***** SOURCE MATERIAL *****
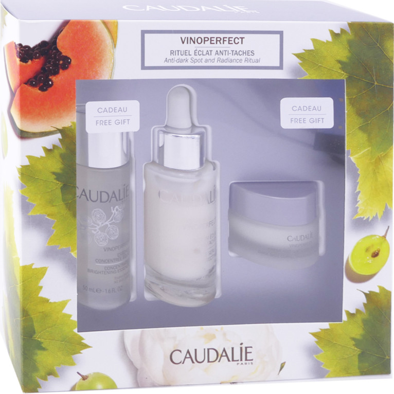 Le coffret « Vinoperfect Rituel Eclat Anti-Taches » de CAUDALIE discount, 3 soins anti-âge et éclat dans votre parapharmacie en ligne à prix discount, pour révéler au quotidien la beauté de la peau : Vinoperfect Sérum Eclat Anti-taches (30ml) ; Crème Nuit Glycolique Anti-taches Vinoperfect (15ml) ; Vinoperfect essence concentrée eclat (50ml)
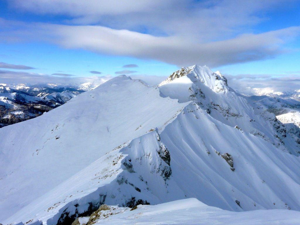 Im Ennskar weiter aufwärts - das Spuren wird bei den Riesen Neuschneemengen ganz schön anstrengend. in ca. 10 Minuten über den Grat zum aussichtsreichen, aber saukalten Gipfel.
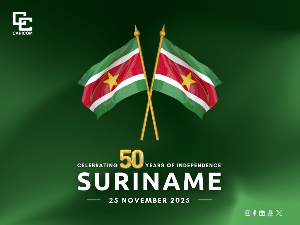 (CARICOM Secretariat, Turkeyen, Greater Georgetown, Guyana) – The Caribbean Community (CARICOM) has congratulated Suriname on its Fiftieth Anniversary of Independence, recognizing the deep bonds of friendship and cooperation that the Community shares with the country.
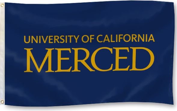 A colour photograph shows the flag of UC Merced as blue with the seal of the
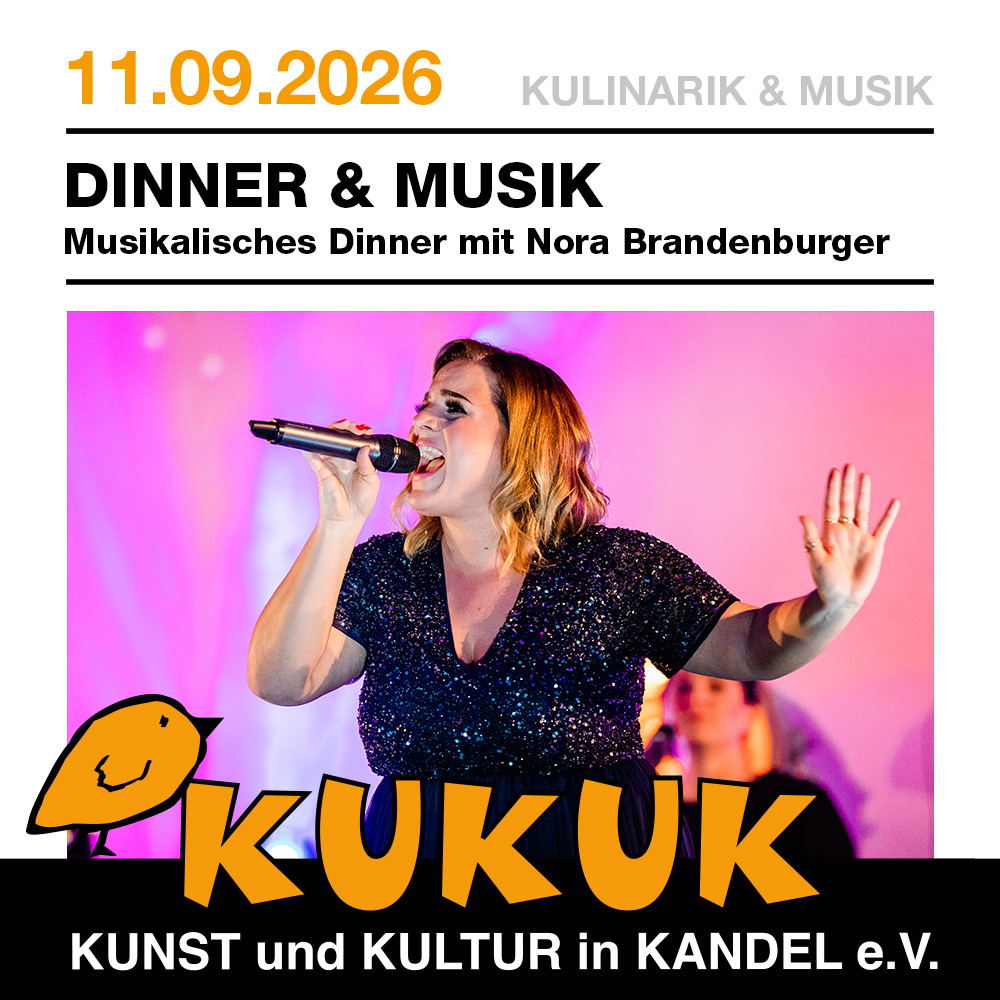 Erleben Sie einen unvergesslichen Abend mit einem exquisiten 4-Gänge-Menü, begleitet durch die Queen der musikalischen Vielfältigkeit Nora Brandenburger. Freuen Sie sich auf sorgfältig komponierte Speisen, die jeden Gang zu einem besonderen Geschmackserlebnis machen, während Nora Brandenburger mit ihrer einzigartigen Klangwelt für eine atmosphärische Begleitung sorgt. Nora Brandenburger ist mutig, souverän, stimmgewaltig.
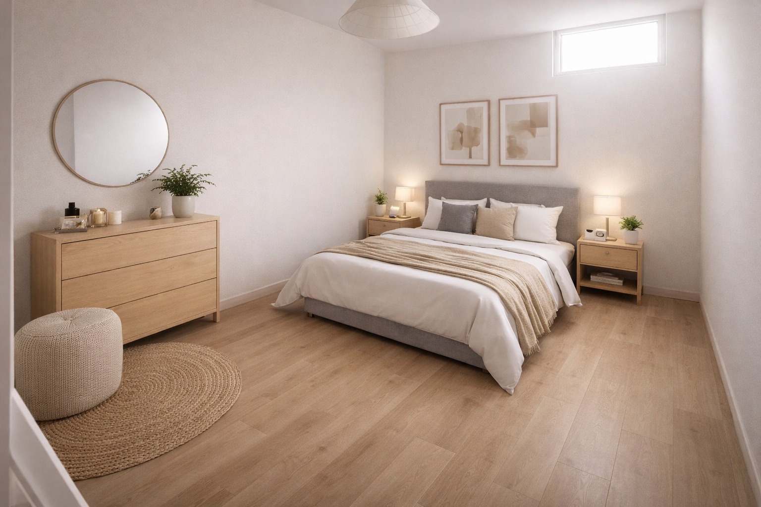 Primo piano con luminoso soggiorno, ampia camera da letto, bagno e angolo cottura
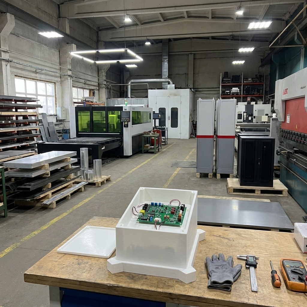 3D-печатные корпуса заменяются литьевыми формами или штампованным металлом. Паяные соединения уступают место стандартизированным разъёмам. Уникальный крепёж заменяется унифицированными элементами. Каждое решение критически влияет на себестоимость, временные рамки и качество продукции.
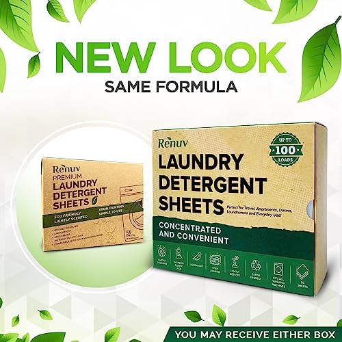 HASSLE-FREE LAUNDRY EVERY TIME: Renuv’s innovative one-sheet-per-load design for 1 big load of washing eliminates the need for measuring. Simply drop one paper laundry detergent sheets from our recyclable box into your washer, and you’re done! For lesser loads, it can be cut in half; Includes 1 box of 50 sheets for up to 100 loads of laundry. Septic safe washing detergent sheets compatible with all types of washing machines.
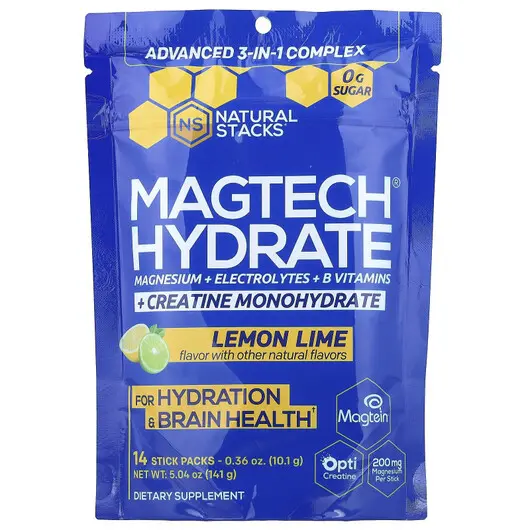 Magtech Hydrate Lemon Lime 14 Stick Packs, Магній, 10.1 g Each
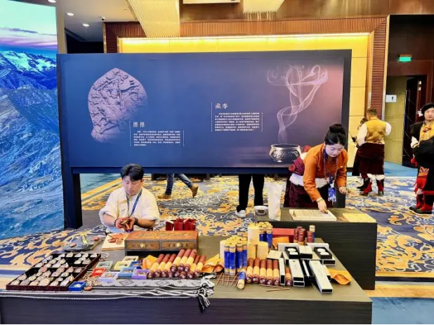 为使非遗“活”起来,现场设置了互动体验区。观众可以近距离观摩甚至亲手参与藏纸制作、雕版印刷、擦擦制作、藏香制作等工艺流程,在动手实践中感受非遗的独特魅力。
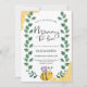 Convite para chá de fraldas, com tema de abelhas, honrando a mamãe! Design apresenta pentes de mel amarelo e dourado e Eucalyptus com ilustração de abelhas. Personalize com suas informações ou clique em "Clique para personalizar mais" para editar estilos de fonte, tamanho e cores.
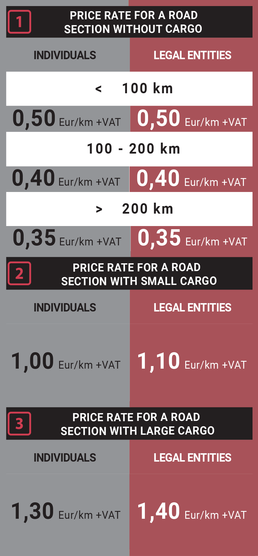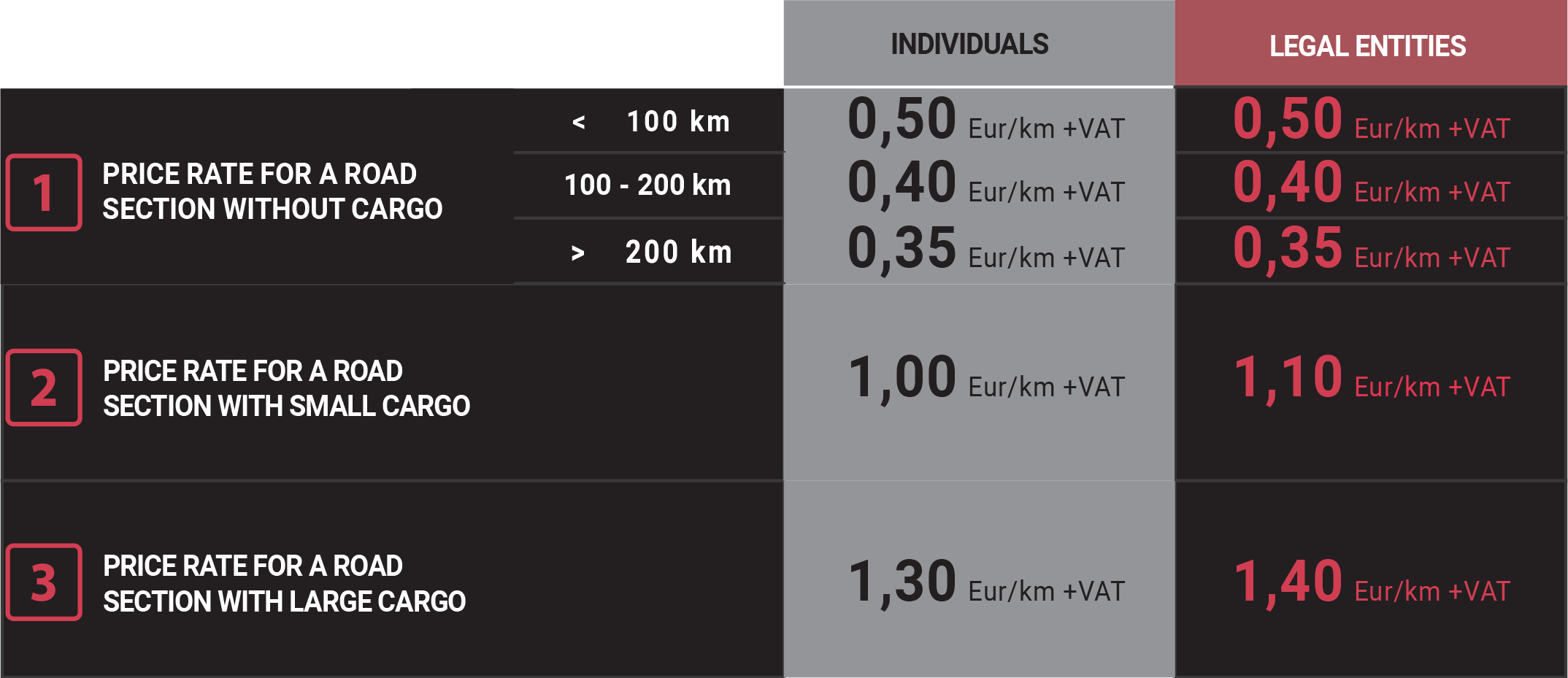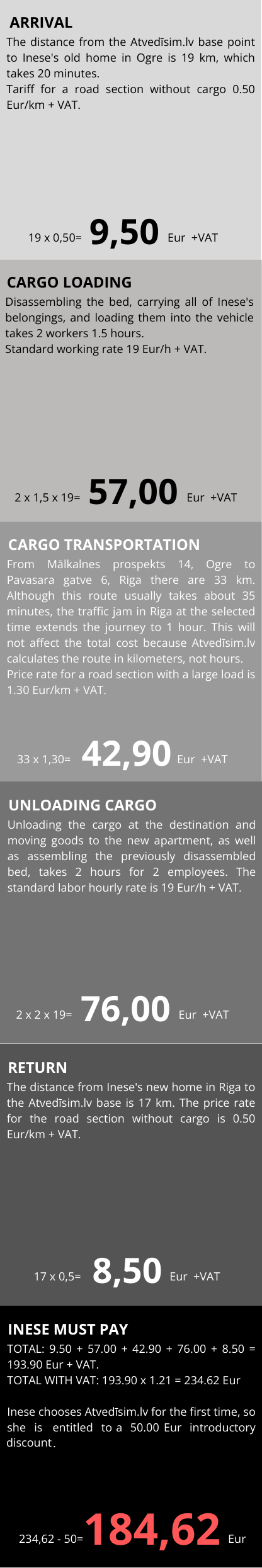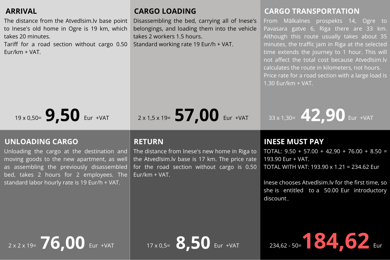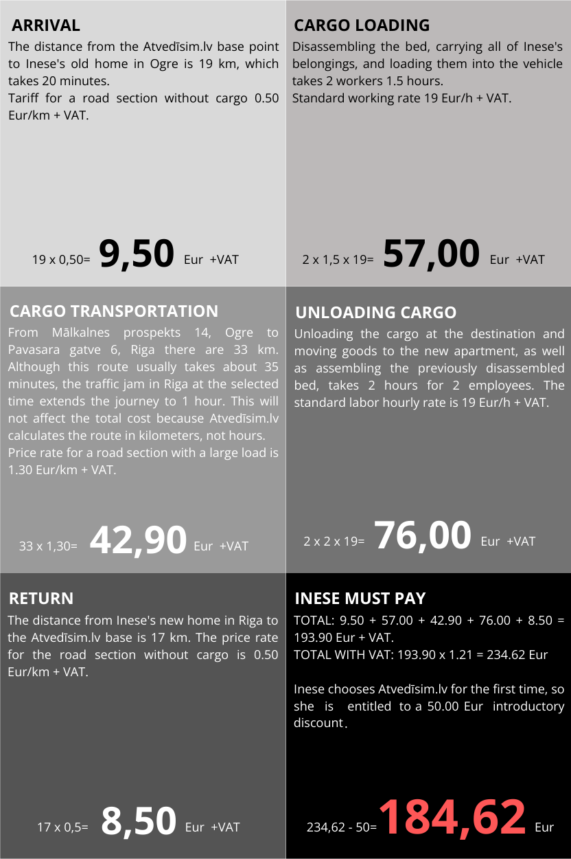 The final transportation cost is determined only after specifying a specific departure and destination address and a route calculation performed by Atvedīsim.lv. The unilateral calculation of the price by the client according to the specified price rates can only be indicative. All costs are agreed with the client before the service is provided.
*****
Write the records out exactly, dropping every image.

 Le coffret « Vinoperfect Rituel Eclat Anti-Taches » de CAUDALIE discount, 3 soins anti-âge et éclat dans votre parapharmacie en ligne à prix discount, pour révéler au quotidien la beauté de la peau : Vinoperfect Sérum Eclat Anti-taches (30ml) ; Crème Nuit Glycolique Anti-taches Vinoperfect (15ml) ; Vinoperfect essence concentrée eclat (50ml)
 Im Ennskar weiter aufwärts - das Spuren wird bei den Riesen Neuschneemengen ganz schön anstrengend. in ca. 10 Minuten über den Grat zum aussichtsreichen, aber saukalten Gipfel.
 (CARICOM Secretariat, Turkeyen, Greater Georgetown, Guyana) – The Caribbean Community (CARICOM) has congratulated Suriname on its Fiftieth Anniversary of Independence, recognizing the deep bonds of friendship and cooperation that the Community shares with the country.
 A colour photograph shows the flag of UC Merced as blue with the seal of the
 Erleben Sie einen unvergesslichen Abend mit einem exquisiten 4-Gänge-Menü, begleitet durch die Queen der musikalischen Vielfältigkeit Nora Brandenburger. Freuen Sie sich auf sorgfältig komponierte Speisen, die jeden Gang zu einem besonderen Geschmackserlebnis machen, während Nora Brandenburger mit ihrer einzigartigen Klangwelt für eine atmosphärische Begleitung sorgt. Nora Brandenburger ist mutig, souverän, stimmgewaltig.
 Primo piano con luminoso soggiorno, ampia camera da letto, bagno e angolo cottura
 3D-печатные корпуса заменяются литьевыми формами или штампованным металлом. Паяные соединения уступают место стандартизированным разъёмам. Уникальный крепёж заменяется унифицированными элементами. Каждое решение критически влияет на себестоимость, временные рамки и качество продукции.
 HASSLE-FREE LAUNDRY EVERY TIME: Renuv’s innovative one-sheet-per-load design for 1 big load of washing eliminates the need for measuring. Simply drop one paper laundry detergent sheets from our recyclable box into your washer, and you’re done! For lesser loads, it can be cut in half; Includes 1 box of 50 sheets for up to 100 loads of laundry. Septic safe washing detergent sheets compatible with all types of washing machines.
 Magtech Hydrate Lemon Lime 14 Stick Packs, Магній, 10.1 g Each
 为使非遗“活”起来,现场设置了互动体验区。观众可以近距离观摩甚至亲手参与藏纸制作、雕版印刷、擦擦制作、藏香制作等工艺流程,在动手实践中感受非遗的独特魅力。
 Convite para chá de fraldas, com tema de abelhas, honrando a mamãe! Design apresenta pentes de mel amarelo e dourado e Eucalyptus com ilustração de abelhas. Personalize com suas informações ou clique em "Clique para personalizar mais" para editar estilos de fonte, tamanho e cores.
 The final transportation cost is determined only after specifying a specific departure and destination address and a route calculation performed by Atvedīsim.lv. The unilateral calculation of the price by the client according to the specified price rates can only be indicative. All costs are agreed with the client before the service is provided.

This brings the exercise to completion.